Frederick Douglass on the Web

Posted by Speakeasy News > Monday 12 March 2018 > Webpicks

On the occasion of Frederick Douglass's Bicentennial, there are lots of online resources to help you introduce this major figure of the abolition movement to your pupils.

This section on Frederick Douglass from the Library of Congress children’s site is suitable from A2. It’s not a very detailed biography but has an excellent quote from Douglass which is understandable: "What was possible for me is possible for you. Do not think because you are colored you cannot accomplish anything. Strive earnestly to add to your knowledge.
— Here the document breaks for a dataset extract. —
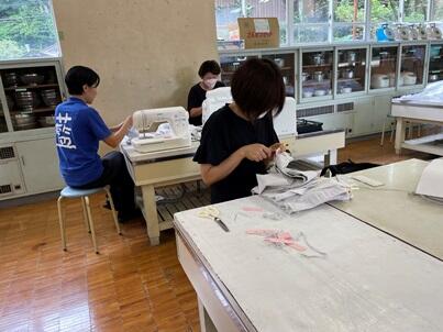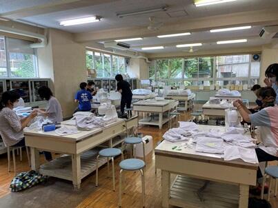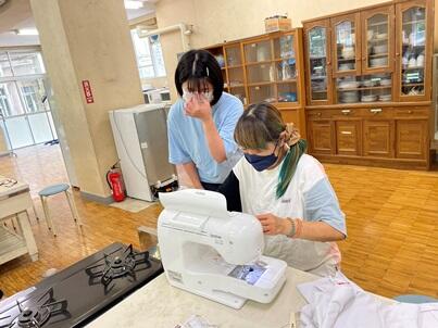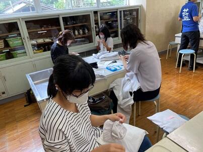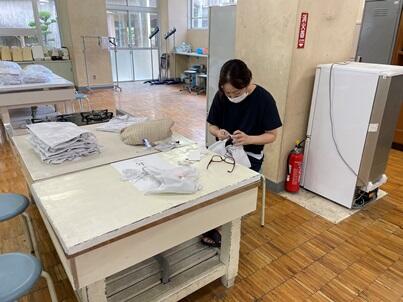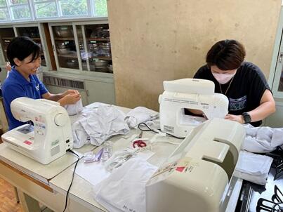 さて、先週7・10日と2日間にかけて家庭教育委員さんに給食エプロン補修を行っていただきました。ゴムの伸びた帽子やほつれが目立つエプロンなど一つ一つ丁寧に繕っていただいています。
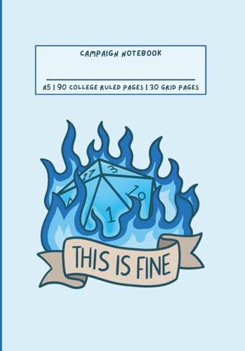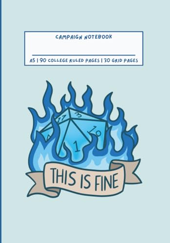 Fantasy Roleplaying Game Campaign Notebook Blue D20 Flames This Is Fine Cover A5: RPG Journal for Tabletop Adventures | 90 College Ruled Pages & 30 Grid Pages | For Players & Game Masters

So long as you remain in ignorance, so long will you fail to command the respect of your fellow men."

The part about his writing and speaking on abolition can be used at the same level. There are segments on his escape from slavery and work during the Civil War in two further sections but they assume a certain pre-knowledge of his story, or at least how slaves escaped to the North and the dangers they faced.

This National Endowment for the Humanities mini-site has several interesting documentaries on slavery and the movement for civil rights.

The one on the Abolitionists starts with a short segment on Frederick Douglass. The voiceover is clear and fairly slow, but some of the vocabulary is difficult. It could be tackled from B1.

Frederick Douglass’s house in Washington, D.C. in is a National Park Service property preserved for historical reasons. Extracts of the NPS biography of Douglass can be used from A2+.

This video shows reconstructions of Douglass’s speeches, and African-Americans young and old saying what he means to them. From A2+.

The 2019  Pulitzer Prize for history was awarded to historian David W. Blight for Frederick Douglass: Prophet of Freedom. Professor Blight is Director of the Gilder Lehrman Center for the Study of Slavery, Resistance, and Abolition at Yale University. In these two videos, he discusses Douglass.

The first one is very short, just 35 seconds. Professor Blight briefly describes the important of Douglass's work, without mentioning his slave past. It's clear and fairly slow. Usable from A2.

The second one is more complex, and longer.  It covers five aspects of his life, from slavery until his involvement in the Civil War. Usable from B1. The third point is the most difficult in terms of language.